■ **TASK DETAILS**:
Give back exactly the stretch of data below from the line holding "Restored & Maintained By Cloverleaf Auto" through the line holding "Repair, Restore, Maintain", both ends included, and leave the remaining lines out.

■ **INPUT RECORDS**:
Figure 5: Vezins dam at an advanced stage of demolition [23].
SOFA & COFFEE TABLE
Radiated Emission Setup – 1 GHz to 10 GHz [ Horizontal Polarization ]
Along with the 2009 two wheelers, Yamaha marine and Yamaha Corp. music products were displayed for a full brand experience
* * *
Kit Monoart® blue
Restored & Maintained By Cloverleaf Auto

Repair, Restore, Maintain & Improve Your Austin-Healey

■ **TASK SOLUTION**:
Restored & Maintained By Cloverleaf Auto

Repair, Restore, Maintain & Improve Your Austin-Healey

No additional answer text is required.